And though we heard a lot about debilitating Russian losses early in the war, we’re now getting a glimpse into the heavy casualties that the Ukrainian military is suffering as well. In recent days, Ukrainian president Volodymyr Zelensky said that the Ukrainian army is losing 50 to 100 soldiers per day. That’s a lot. Ukrainian soldiers are complainingto reporters that they are outmanned and outgunned. Privately, military analysts are growing more skeptical that high-tech Western weapons will save Ukraine.

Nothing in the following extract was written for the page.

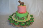 A two tier, 8″ and 6″ vanilla sponge filled with raspberry filling and vanilla buttercream. Lower tier covered in fondant, upper tier with buttercream and sprinkles – lots of sprinkles! Fondant bow to top it all off.

This is what many of us were so afraid of during the early, triumphalist phase of the war: Ukrainians are still fighting bravely and cleverly, and taking out a lot of Russian materiel, but Russia still has more men and machinery that it can throw at this. It’s a tried and true Russian military tactic: push meat into the meat grinder until the meat grinder simply breaks. It’s what I thought about when Vladimir Putin celebrated Victory Day earlier this month. The lesson Russia took from World War II was that it can lose for a year and a half—that it can lose millions of soldiers and vast swathes of territory—and, through sheer determination and belief that human life is less important than state glory, eventually triumph militarily.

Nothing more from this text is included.